Long story short, we’re not seeing a dramatic surge in drilling and completion activity this year despite generally rising oil prices because producers aren’t targeting barrels of production, they’re targeting profitability and cash flow.
Pressure Pumping and Halliburton
HAL is one of the largest providers of fracturing services in North America through its Completion and Production business segment, which accounted for some 59% of revenues last year.

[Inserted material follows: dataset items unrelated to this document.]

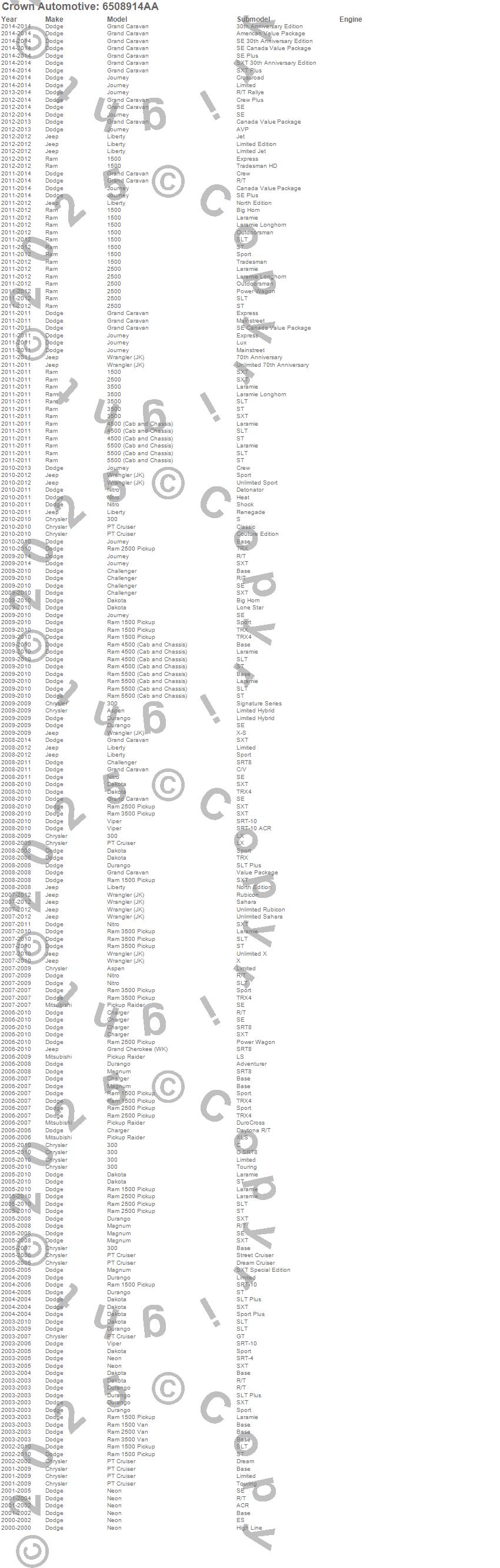1500, 2500, 300, 3500, 4500, 5500, Aspen, Challenger, Charger, Dakota, Durango, Grand Cherokee (WK), Journey, Liberty, Magnum, Neon, Nitro, PT Cruiser, Raider, Ram 1500 more…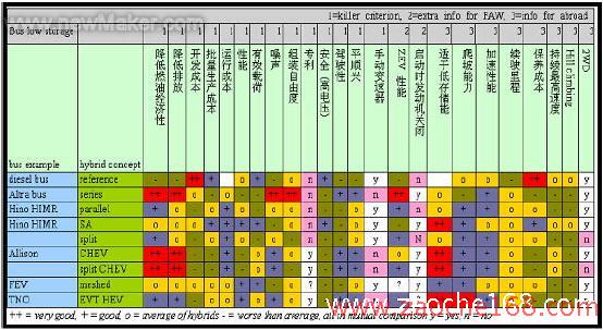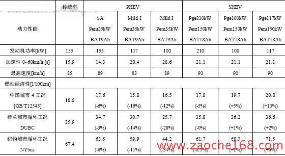 PHEV, SA, split and meshed hybrid —手动变速器;运行成本 — 可靠性、服务费用和燃油消耗;开发成本 — 系统复杂性、控制 + 实用性 + 专利;性能 — 最高速度 +加速性 + 爬坡能力 + 最大爬坡度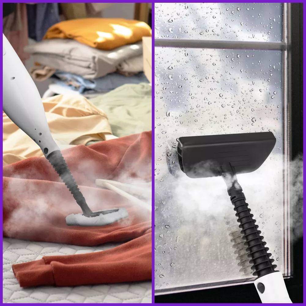 Чтобы помыть окна, зеркала и кафельную плитку, присоедините к парогенератору насадку для отпаривания со скребком для стекла, и прибор можно будет использовать как стеклоочиститель. Вы можете отпарить одежду или очистить обивку мягкой мебели.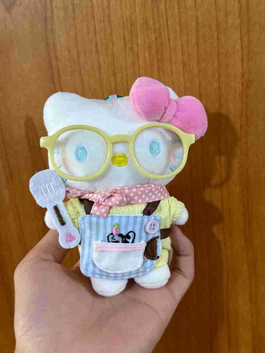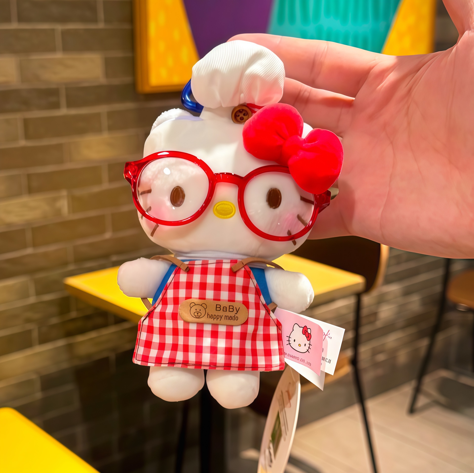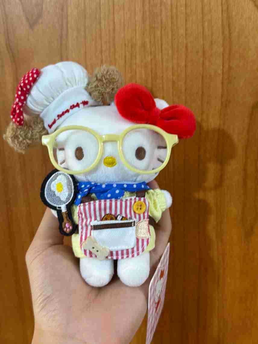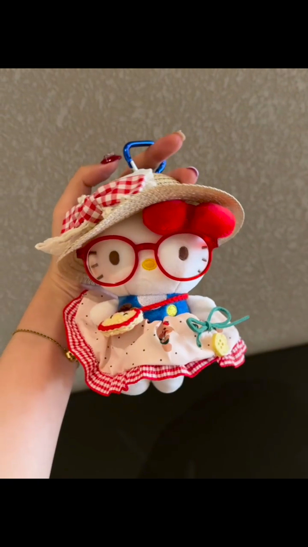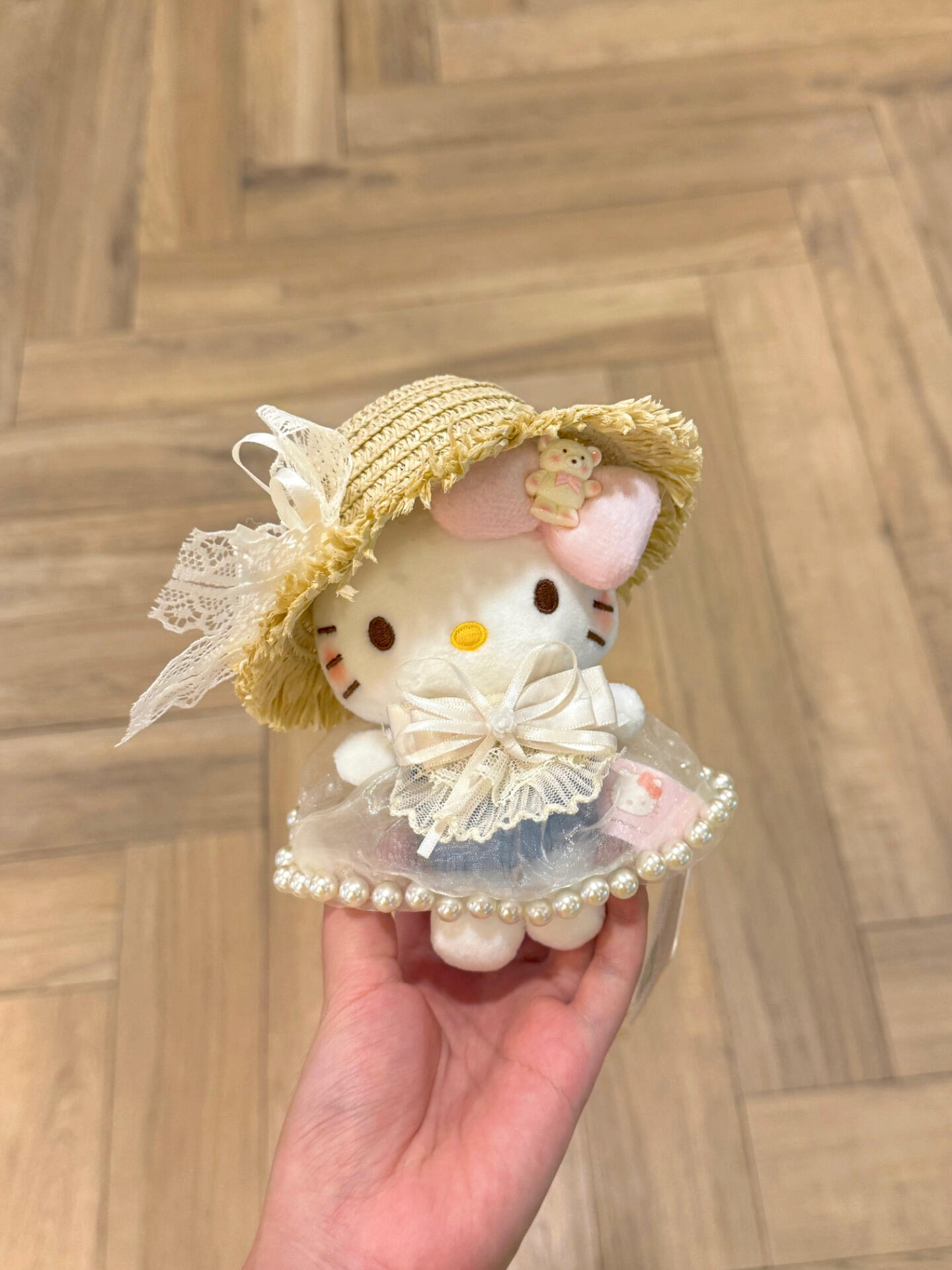 • 흰색 스커트와 빨간 체크무늬 가방을 들고 있는 키티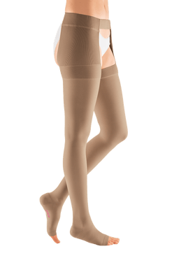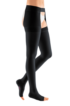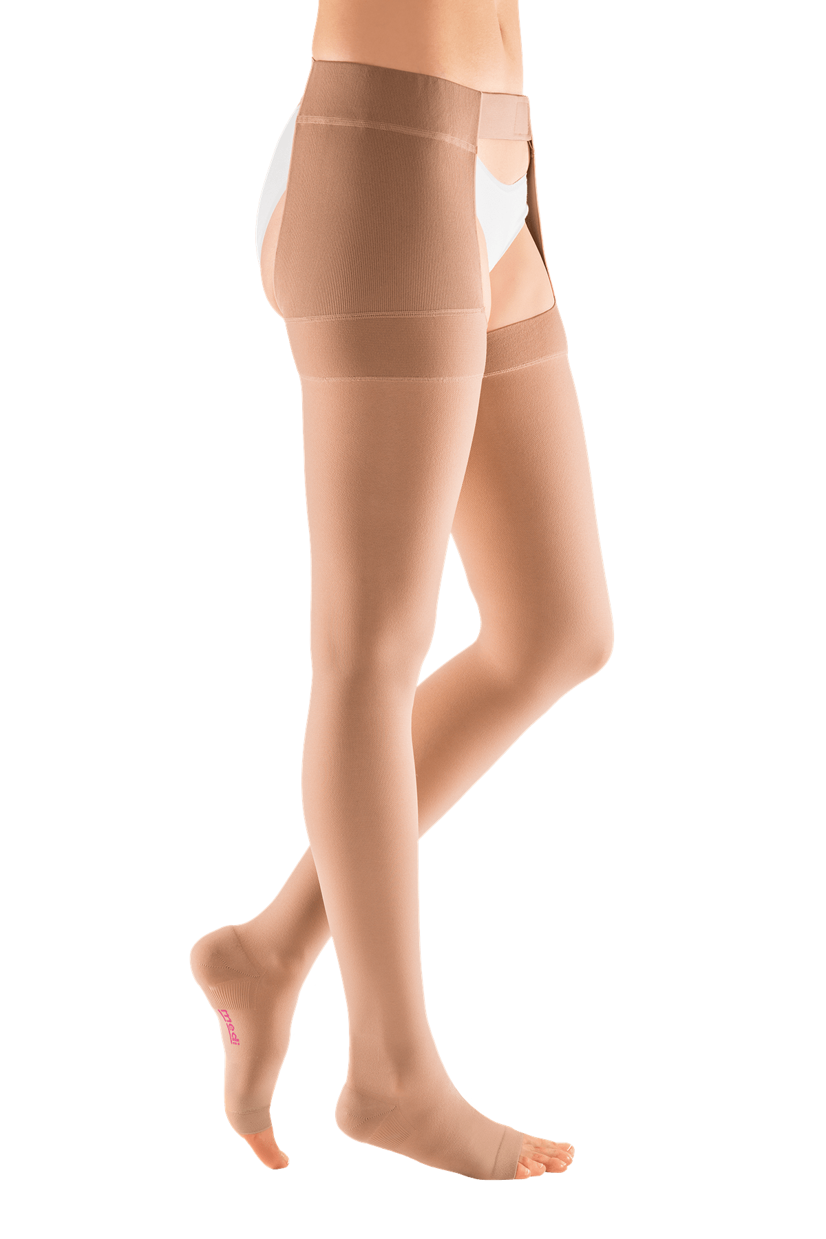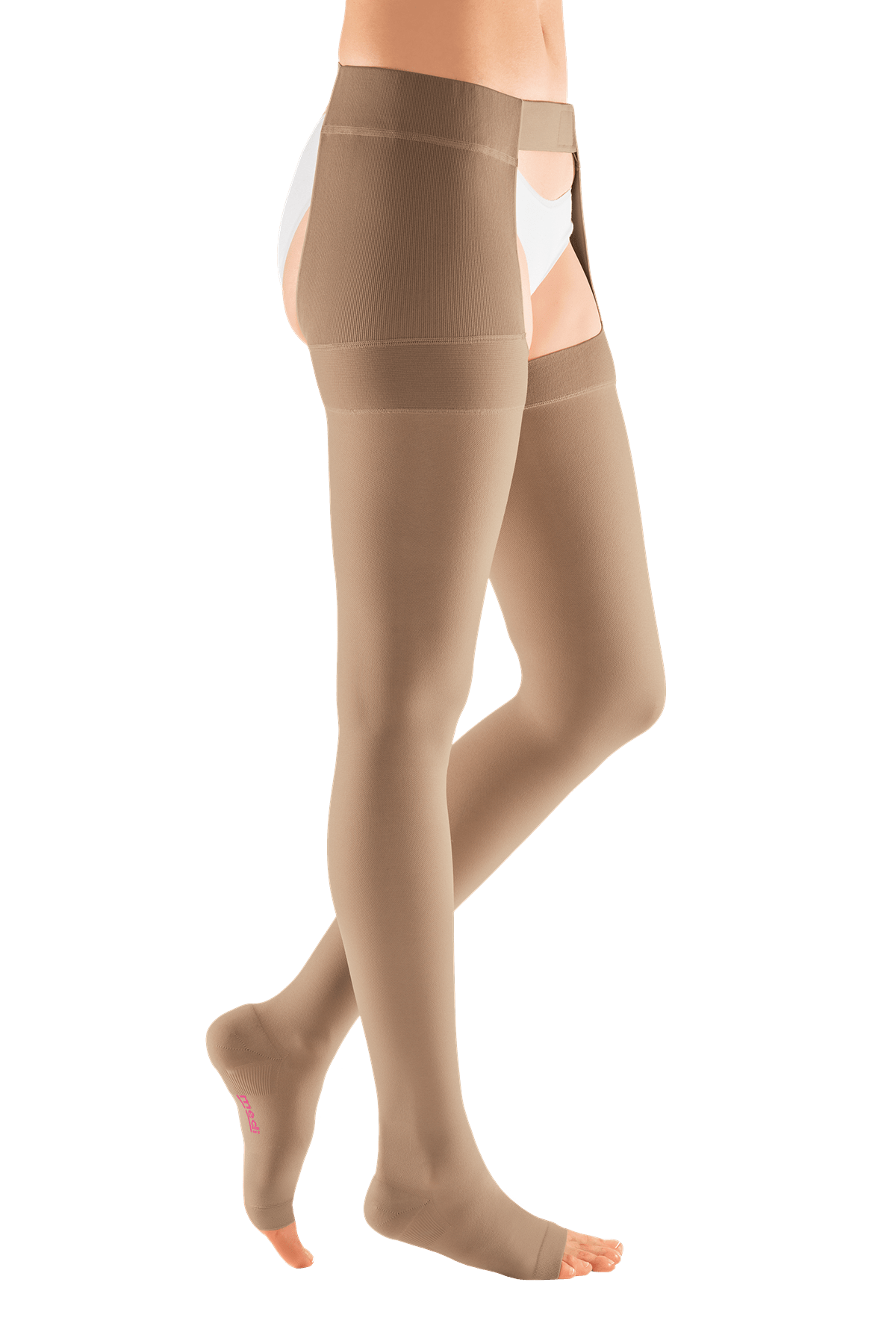 Le Mediven® Plus AGT est fabriqué dans un tricot solide, opaque et résistant à l'usure, offrant une stabilité de compression durable. Le bas possède un talon et une zone plantaire renforcés pour une durabilité accrue. Le bandeau de maintien maintient le bas fermement en place, sans glisser, tout en assurant un ajustement confortable autour de la hanche. Le matériau est respirant, respectueux de la peau et certifié selon la norme OEKO-TEX Standard 100.

So, as you might expect, the historic volatility and commodity sensitivity of the shale business I just outlined translates into significant volatility in HAL’s North American operations:
This chart shows Halliburton’s revenues by quarter since Q1 2014 broken down into North American sales (blue line) and international revenues (excluding North America) pictured as an orange line.
Two points to note.
First, the amplitude of swings in HAL’s North American revenues is significantly greater than for its international revenues. That’s a direct result of the boom-and-bust pattern evident in shale oil and gas drilling and fracturing activity I just outlined.
For example, just look at the shale bust of late 2014 to early 2016 when HAL’s North American revenues collapsed from around $4.75 billion per quarter to about $1.5 billion per quarter over the course of just around 18 months. Then, there was a boom from 2016 through mid-to-late 2018 followed by an even bigger bust into the commodity price collapse of early 2020 amid COVID-19 lockdowns.
Of course, when commodity prices fall sharply, as they did in 2014-16 and 2018-2020, exploration and drilling activity tends to fall globally. However, international revenues are historically far more stable for HAL than North America.
That’s primarily because conventional oil and gas developments outside North America often take the form of long-term projects targeting fields that take years to find, develop, and bring into production.
A classic example would be Exxon Mobil’s world-class find in Guyana; XOM announced its first discovery there in May 2015 and has subsequently unveiled more than 30 additional discoveries on the same offshore Stabroek Block. The company produced its first commercial oil from Guyana in late 2019 and has continued to develop the project in stages; as of Q4 2023, the company was producing 440,000 barrels of oil equivalent per day from the country and is targeting over one million by the end of 2027.
Simply put, Exxon Mobil is unlikely to dramatically alter its plans for developing the Stabroek Block due to short-term fluctuations in commodity prices. And the company typically signs long-term contracts with multiple services firms like HAL and SLB, to perform work related to developing a project like the Stabroek Block. That leads to more stable, predictable revenues over time.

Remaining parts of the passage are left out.